Try it> Your reply should restate the lines from the top of the entries through the line containing "Out of the 116" word for word, with no pictures.

Collected data
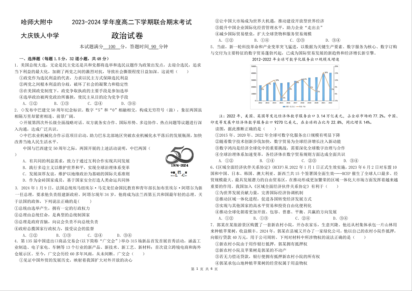 黑龙江省哈尔滨师范大学附属中学、大庆铁人中学2025届下学期期末联考政治
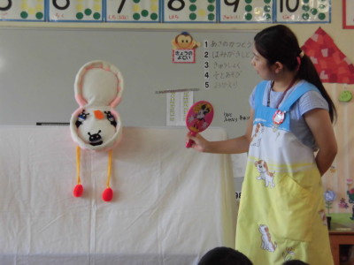 歯科衛生士さんに人形劇や大きな“歯”を使って正しい歯ブラシの持ち方や、磨き方、うがいの仕方などを教えてもらいました。シュッシュッシュ~と歌いながら楽しく覚えることができました。
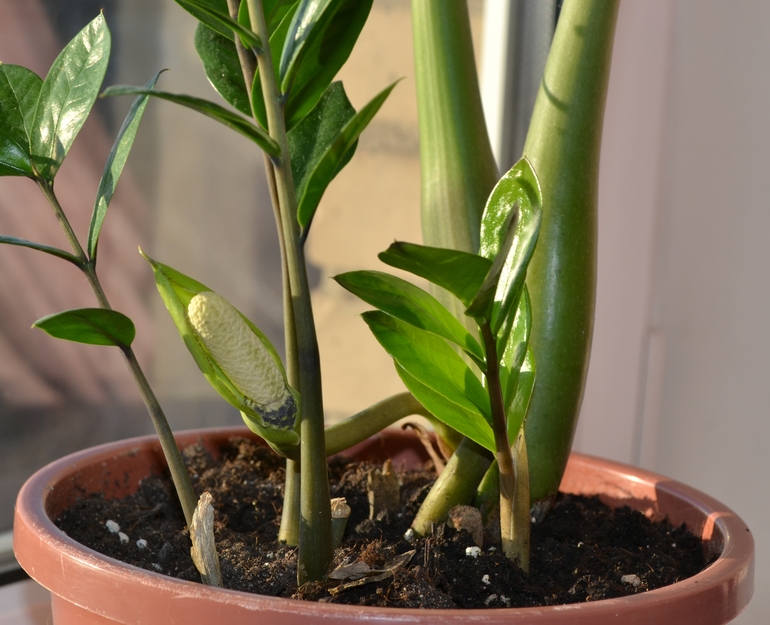 здорово,у меня уже достаточно большой замик,года два ему,отщипнула от маминого,растет и в ширь и ввысь,но вот ни разу не цвел...у мамы тоже два замика,одному уже лет пять(от которого я отщипнула),другой из отвалившегося стебля,тоже года три,но тоже ни разу не видела чтобы цвел...может у нас сорт такой?мужики?
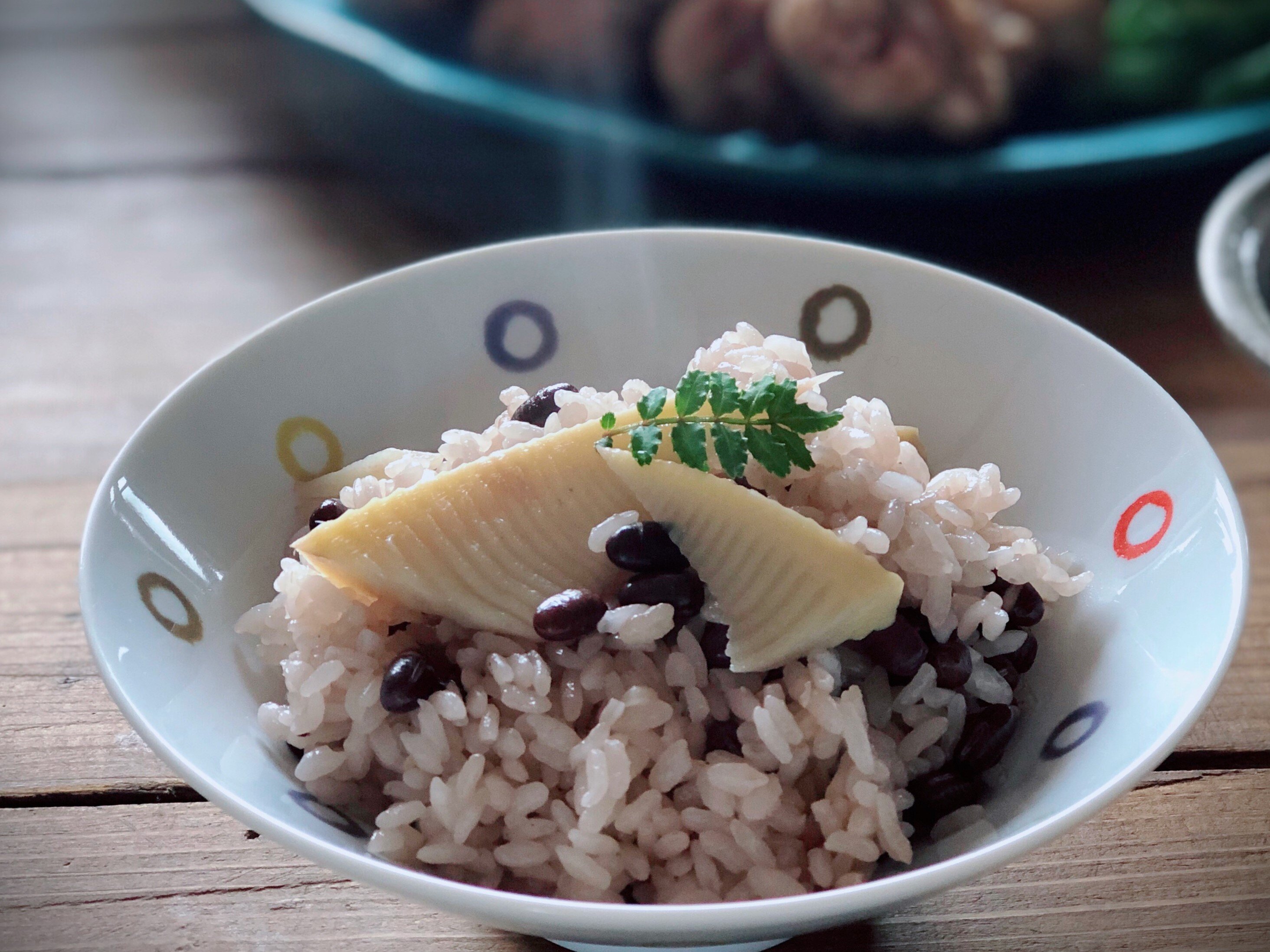 シャキッとしたたけのこと、ほっくり小豆の組み合わせがよく合う炊き込みごはんです。
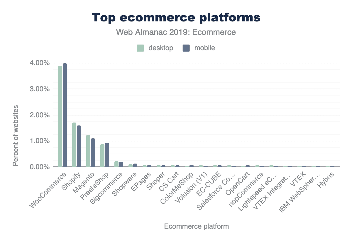 Out of the 116 ecommerce platforms that were detected, only six are found on more than 0.1% of desktop or mobile websites. Note that these results do not show variation by country, by size of site, or other similar metrics.
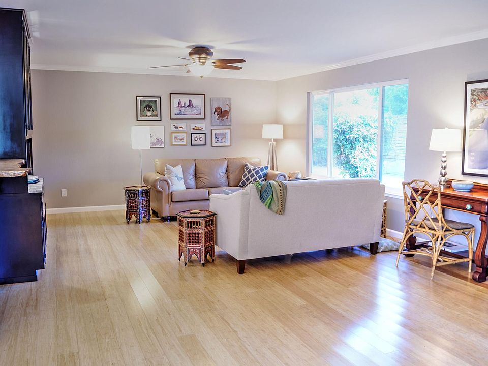 Bamboo flooring in living space and bedrooms. Tile kitchen and baths. Kitchen has self closing cabinets and gorgeous black granite counters. Live wood bar connecting living area and built-in wall cabinet. Large master bedroom with ensuite double vanity and walk-in shower. Guest bath with new vanity. Front loading Washer and Dryer in utility room. Low maintenance backyard, extended patio and deck outside master bedroom slider. Great home for living, entertaining and excursions to Bidwell Park. Credit score requirement 660 and above. Owner provides pest control and yard maintenance. No Smoking Permitted.
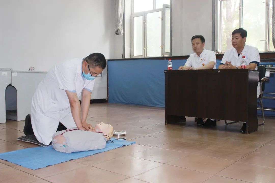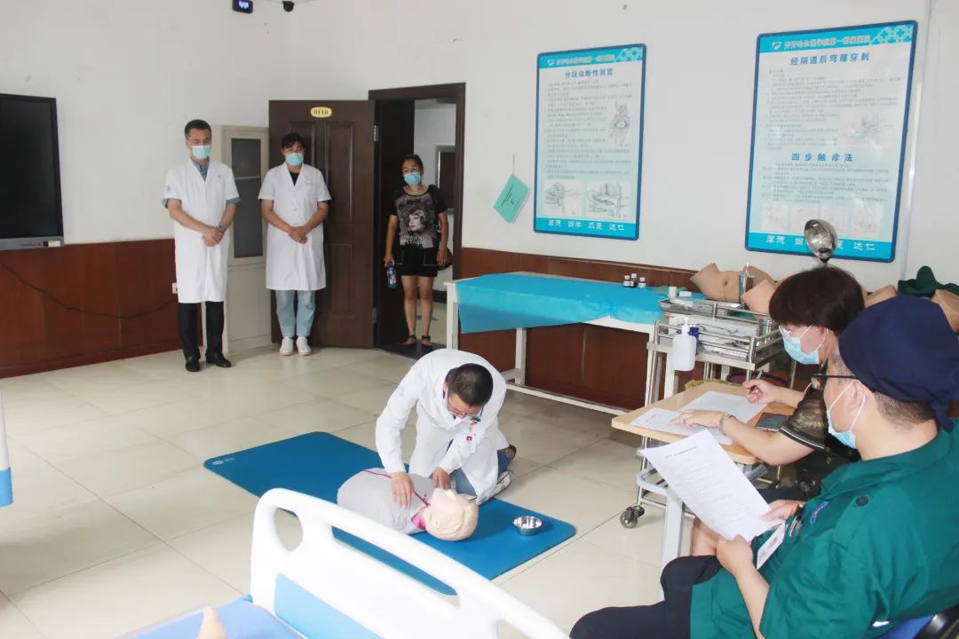 7月6、7日下午,全院医师技能操作考核在实践技能中心进行,要求每一位医师在规定时间内成功完成单人心肺复苏术。考核内容除了进行心肺复苏技能操作外,还考核了医务人员的心肺复苏知识、动作娴熟、临场应变等多方面的能力。7月13、14日下午,医务部组织全院医师在学术报告厅举办理论考核,大家在线上完成答题,95%以上的医生获得了优秀的好成绩。
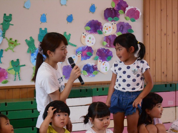 2017年06月29日 誕生会がありました。今日は6月生まれの誕生会がありました。緊張しながらも、しっかりインタビューに答えてくれました!一生懸命聞くひこうき組さんですよ。保育士による手品ショーも見ました。お祝いされるのってうれしいね■
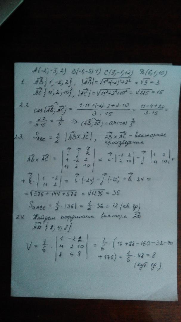 1. Записать координаты векторов AB и AC и найти модули этих векторов;
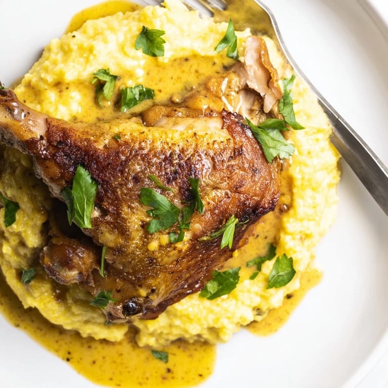 Ich habe dieses Rezept erstmals für ein kleines Herbstfest mit Freunden zubereitet. Die Kombination aus würzigen Hähnchenschenkel und dem Senf-Kartoffelstampf war ein voller Erfolg – alle haben nach Nachschlag gefragt!
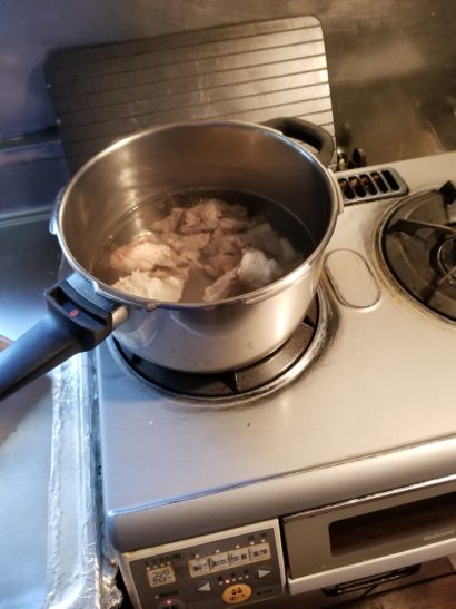そして茹で汁をしっかり冷ました時に浮かんでる白く固まった脂も。
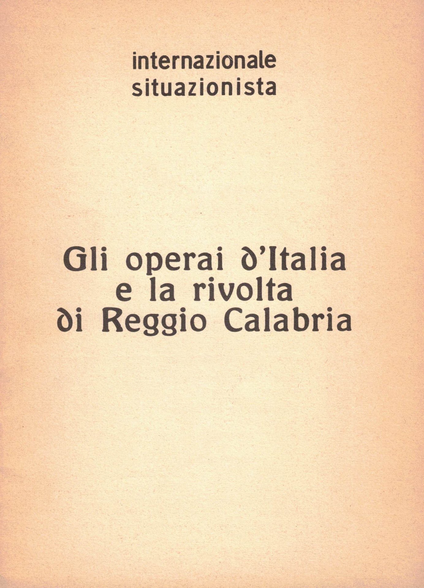 Una città è insorta e ha preso le armi. E allora viva lo stato d'assedio in tutte le città! L'I.S. prende posizioni sulla rivolta sia contro le strumentalizzazioni di Lotta Continua sia contro le provocazioni fasciste. In calce è riprodotto il volantino "Il Reichstag brucia", distribuito fin dal 19 dicembre del '69 nelle fabbriche e in Piazza Fontana: una comprensione in tempo reale della strategia della tensione. Legatura con punti metallici, esce come supplemento al primo e unico numero della rivista "Internazionale Situazionista".
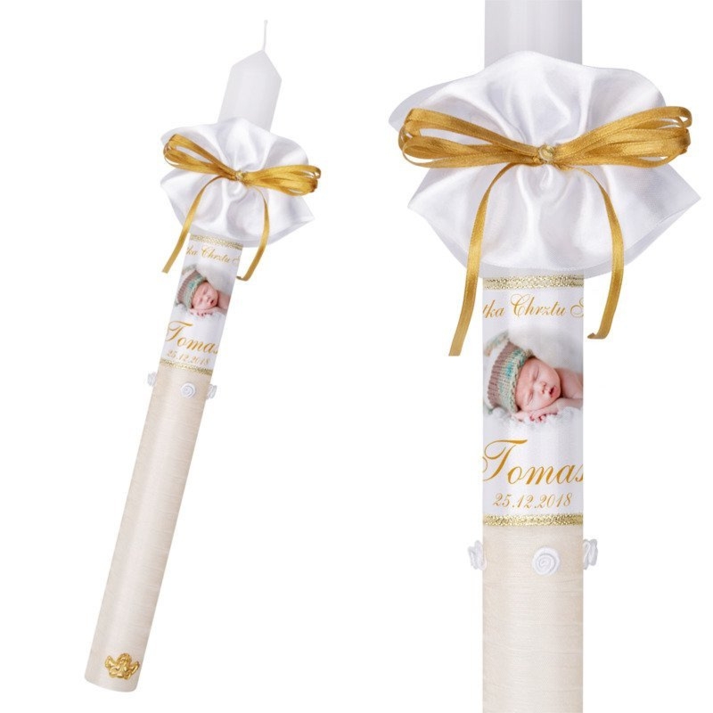 Ręcznie zdobiona świeca do Chrztu lub Komunii z nadrukiem zdjęcia lub grafiki i napisów, w zestawie profitka
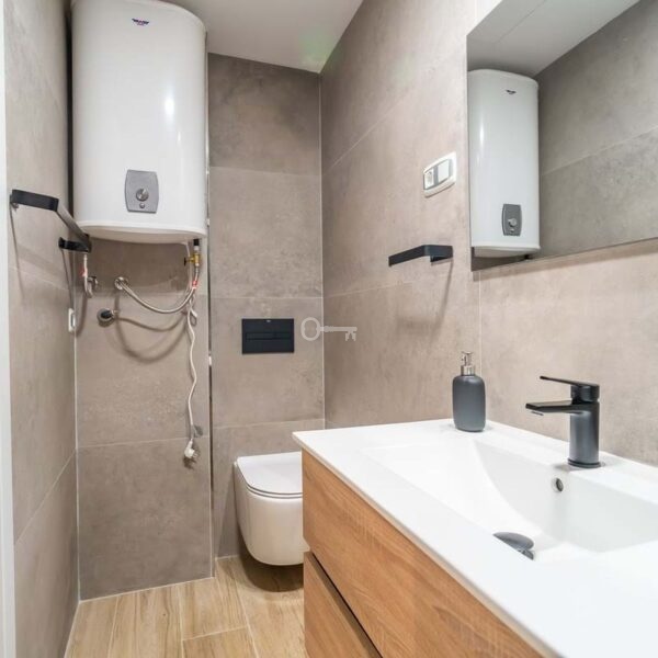 The property consists of an entrance hall, spacious living-dining room with fireplace, fully equipped kitchen and three bedrooms, each with its own en-suite bathroom. One of the bedrooms is located on the basement level and has independent access from the garage, providing additional privacy and comfort.
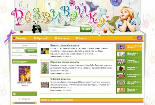 «Розвивайка» - сайт для творчих і креативних діток та їх батьків, пропонуються різні ідеї та варіанти занять прикладною творчістю з дитиною: майстер класи за декількома напрямами  - навички, що розвиваються у процесі занять, різні виробні матеріали, календарні свята.
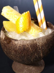 パイナップに砂糖をまぶしてバーナーで炙りキャラメリーゼしてからフレッシュピニャコラーダを作ります。コクが加わりとても芳醇な香りがします。
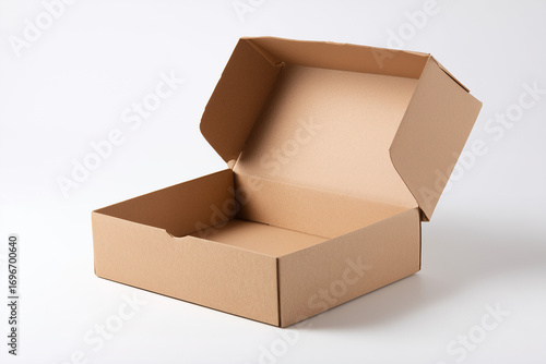 Open plain cardboard pizza box with hinged lid on a white surface. A blank packaging container representing delivery, branding, and takeaway service, isolated on white background.
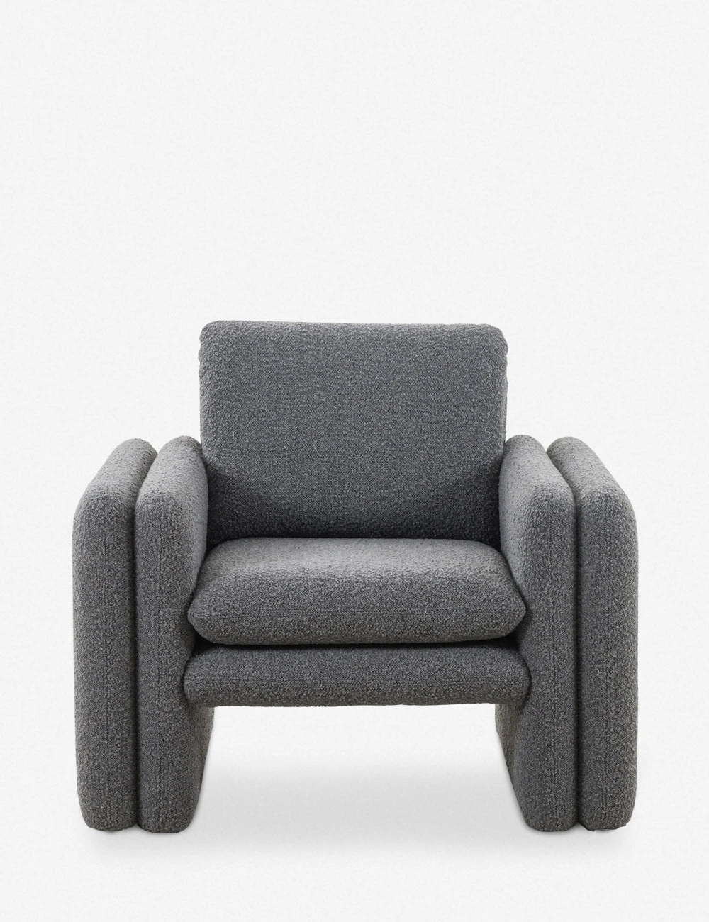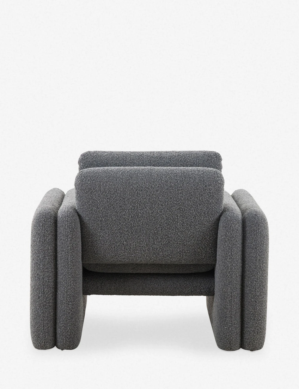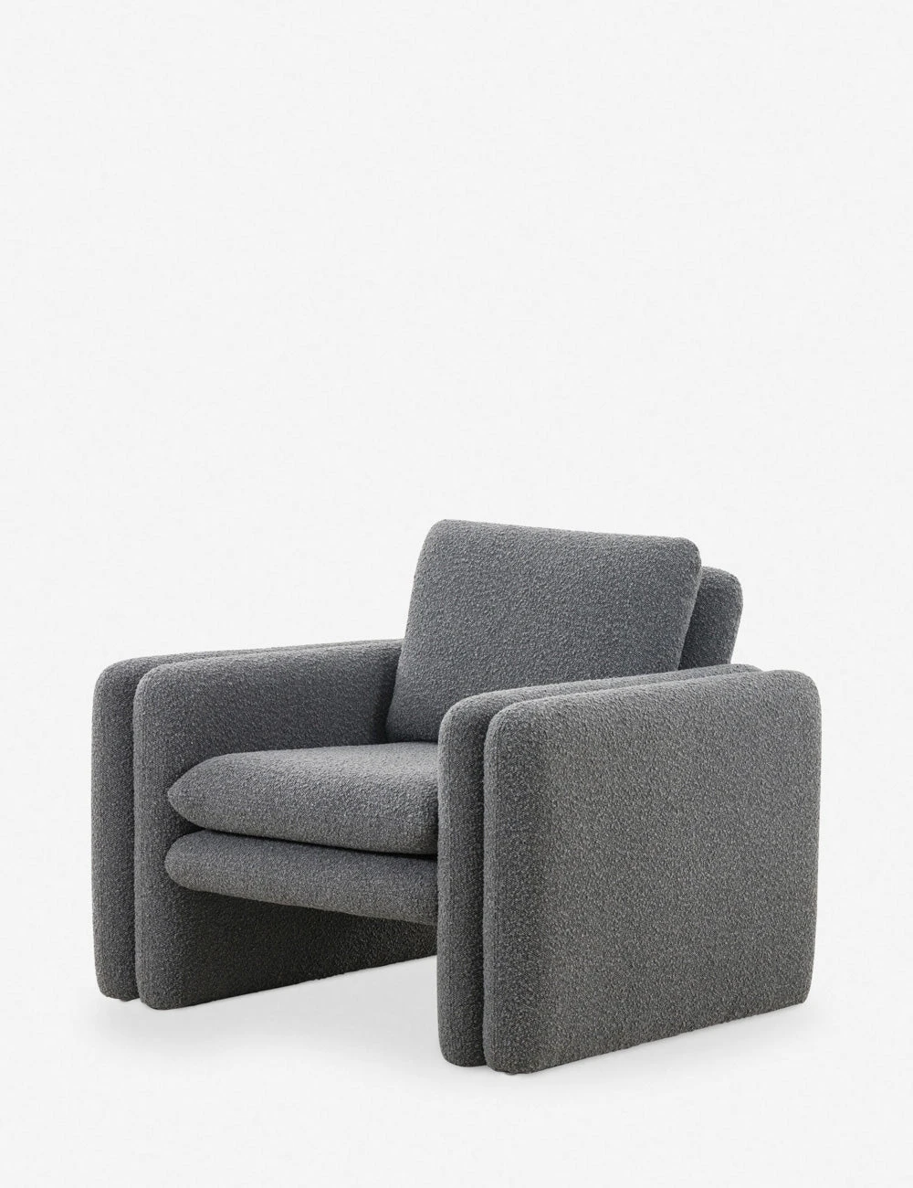 Bring a retro touch to your look with this double layered accent chair. The ultra soft upholstery and plush cushions are the perfect complement to this occasional chair’s clean geometric design. Pair this chair with other sculptural elements for a cozy yet modern lounge feel.

Your solution>
 黑龙江省哈尔滨师范大学附属中学、大庆铁人中学2025届下学期期末联考政治
 歯科衛生士さんに人形劇や大きな“歯”を使って正しい歯ブラシの持ち方や、磨き方、うがいの仕方などを教えてもらいました。シュッシュッシュ~と歌いながら楽しく覚えることができました。
 здорово,у меня уже достаточно большой замик,года два ему,отщипнула от маминого,растет и в ширь и ввысь,но вот ни разу не цвел...у мамы тоже два замика,одному уже лет пять(от которого я отщипнула),другой из отвалившегося стебля,тоже года три,но тоже ни разу не видела чтобы цвел...может у нас сорт такой?мужики?
 シャキッとしたたけのこと、ほっくり小豆の組み合わせがよく合う炊き込みごはんです。
 Out of the 116 ecommerce platforms that were detected, only six are found on more than 0.1% of desktop or mobile websites. Note that these results do not show variation by country, by size of site, or other similar metrics.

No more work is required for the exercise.